Inflation-targeting is generally a monetary policy regime in which a central bank has an explicit inflation rate target for the medium-term (8±2 percent in the case of BoG), and announces this inflation target to the public.

The assumption here is that the monetary policy will support long-term growth of the economy by helping to maintain price stability.

The lecture comes on the back of calls for the central bank to take a second look at its inflation-targetting regime, which has been in place for about ten years. One of the proponents of such calls is economist Dr. Eric Osei-Assibey of the Institute for Economic Affairs (IEA).

Dr. Osei-Assibey, speaking at a recent IEA lecture said: “We need to make sure the productive sectors of this economy are good. We are exporting more, we have favourable terms of trade and our currency is strong just like in developed countries, so that inflation target will be relevant to us.

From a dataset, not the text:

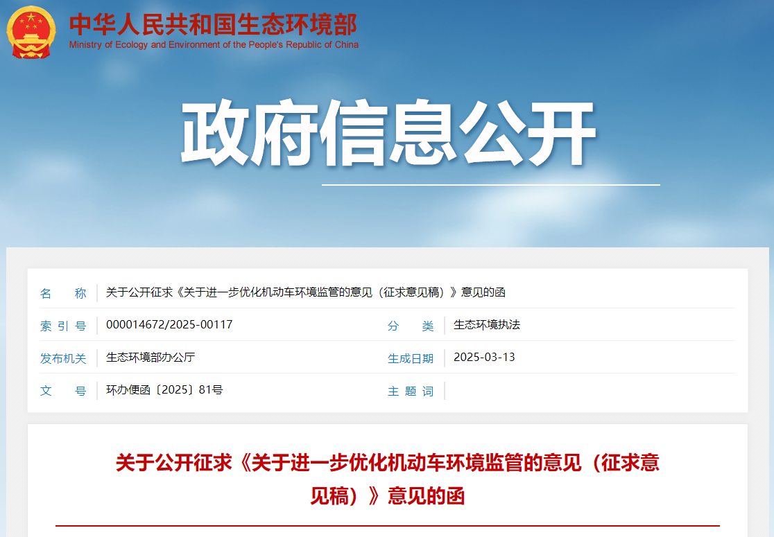 生態(tài)環(huán)境部關(guān)于進(jìn)一步優(yōu)化機(jī)動(dòng)車環(huán)境監(jiān)管的意見(征求意見稿)

“If inflation-targetting is to continue, then there is a need to strengthen the economic fundamentals, otherwise an alternative policy that is in sync with our development agenda should be sought.”

But Prof. Quartey, speaking to the B&FT on the sidelines of the lecture, said it is misleading to think that inflation-targetting just focuses on inflation.

“There are a lot of variables that go into inflation-targetting. It involves factors such as exchange rate, interest rates, the real sector etc. All of these factors come into play before the monetary policy decides whether to reduce, maintain or raise the policy rate.

“I don’t think we should be too fixated on the point that we are just targetting inflation and therefore it is not adequate in addressing the economic challenges of this country. Imports, for instance. depend on exchange rates; if the exchange rate is volatile, it will have an impact on the imports. So, if the bank is able to ensure exchange rate stability, it is therefore indirectly able to control imports or the external sector,” he said.

“If the bank is able to affect interest rates, it means people are able to borrow at reduced cost – which is going to affect investment, growth as well as employment. These are some of the factors that the central bank uses to control the real sector of the economy, and I don’t think we should have the impression that it’s only inflation it is targetting,” Prof. Quartey added.

Dr. Osei-Assibey, who also attended the lecture, in his submission reiterated that despite the bank’s insistence on the inflation-targetting framework, the system is largely not popular in Africa.

He said out of the 195 countries in the world, only 33 are practicing inflation-targetting; of which Ghana, South Africa and Uganda are the only sub-Saharan African countries.

“While changing the inflation-targetting involves risks and can run into important transitional difficulties, we must give sufficient consideration to the fact we need to rethink how to best pursue monetary policy (price stability) that will be growth-enhancing and have employment creation potential.

“The most important aspect that I believe we should introduce is a framework that includes thinking about price stability, exchange rate stability and growth,” Dr. Osei-Assibey argued.